Adding new questions

Adding new questions is as easy as clicking the “new question” section and choosing one of four choices. These choices correspond to the 4 question categories listed above: choice, input, order, and list. Once the instructor clicks on one of the categories, a popover menu appears to specify the type of question. They can see a preview of the final layout on the right hand side.

I designed the preview pane because during initial testing, it was difficult for many to get used to the raw text layout. Because this page was already sectioned off into “draft” and “final” layouts, I wanted to reinforce that idea, so the popover is also split into two parts, “draft” and “final preview”.

Project 2: Code Grading

My second design project at Gradescope involved one of our most highly requested features — programming project management.

Design and Prototyping

After meeting with a couple of Berkeley CS professors, I learned that there were actually two parts to this design:

  1. Manual code review: this include assessment of code quality and style, and required TAs to go over every student’s code
  2. Autograder: this is pretty standard in most CS classes

So from the start, I knew that the user workflow for code grading would be different from the existing Gradescope workflow. Whereas the existing workflow was very unidirectional, the workflow for grading programming projects wasn’t. There was no way to define the “order” of grading. Instructors could autograde first, then review manually. Or they could review manually as submissions rolled in, then autograde. You get the point.

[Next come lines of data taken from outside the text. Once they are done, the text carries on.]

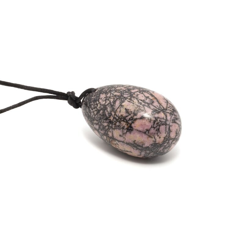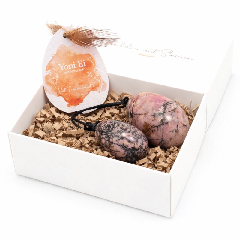 2er Set Yoni-Eier aus Rhodonit mit Rückholbändchen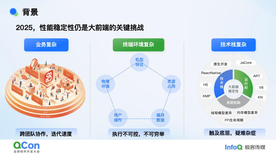 大前端的性能稳定性议题已伴随移动互联网十余年。硬件层面,iPhone 的算力较初代已提升百倍;软件层面,QCon、GMTC 年年设专场。可问题真的被完全扫清了吗? 并没有。上半年 QCon 的主题叫“越挫越勇的大前端”,下半年又变成“AI 与跨端的高效融合”——主题本身就在暗示:复杂度并未消解,我们仍在受挫,效率依旧不足。若用算法复杂度打比方,过去十年我们面对的场景和其解决算法本身并未升级,且复杂度还因鸿蒙等新变量持续膨胀水涨船高,输入规模也增加了。因此,我们确实面临不小的挑战。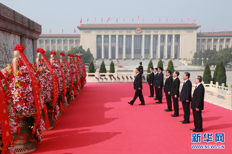 9月30日上午,習近平、李克強、栗戰書、汪洋、王滬寧、趙樂際、韓正、王岐山等黨和國家領導人來到北京天安門廣場,出席烈士紀念日向人民英雄敬獻花籃儀式。 新華社記者 丁海濤 攝

Therefore, it was critical to design a dashboard to integrate this process and make it easy for instructors to keep track of their process in either workflow:

The instructor dashboard for programming projects.

I’m going to rewind a bit here and explain how an instructor actually sets up a programming project. Once again, meeting with professors revealed a lot about the general workflow:

  • Most of the time, there’s some kind of template or starter code, from which the student begins the project.
  • There’s also projects that are completely freeform, where the students decide the code organization and files to include.
  • Professors like to comment in specific parts of the project, whether it’s to point out an error or comment on coding style.
  • Many of them really enjoy Github’s code-diffing interface (I’m a big fan of it too)

So the first step in creating a project is determining the template. The professor uploads the starter code for the project (if there is any), and marks which files they’ve asked the students to modify.

After that, there’s a few more setting boxes to tick off — then the project is ready!

The actual code viewer is based off the existing Gradescope design — we wanted to deviate from what’s expected as little as possible. Instructors and TA can easily add or subtract points based on coding style, and students can clearly see the points they’ve missed.

Student view

Some other stuff

  • Reworking and mobilizing the team page
  • Working on a global help and FAQ modal
  • Making the application sidebar faster and more useful
  • Daily lunches in downtown Berkeley with the team

Conclusion

It was a blast working with Gradescope this summer! It was my formal introduction to working in a team-setting and iterating through designs.

Before Gradescope, I thought design was a simple, direct process. But after this summer, I learned that it really is a cyclical workflow, and that nothing is more important than iteration, iteration, and more iteration. (and user testing in between!) There were so many times where I would be proud of some design I created, just to watch it break during usability testings.

I just want to say thanks to the great Gradescope team, because they challenged me the entire summer during all of our critiques and standups. Thank you Sergey and Arjun for being great mentors!

Finally, I’m just really excited to start using Gradescope in my own classes. After a summer of developing, it’s quite fun to test the changes I’ve made.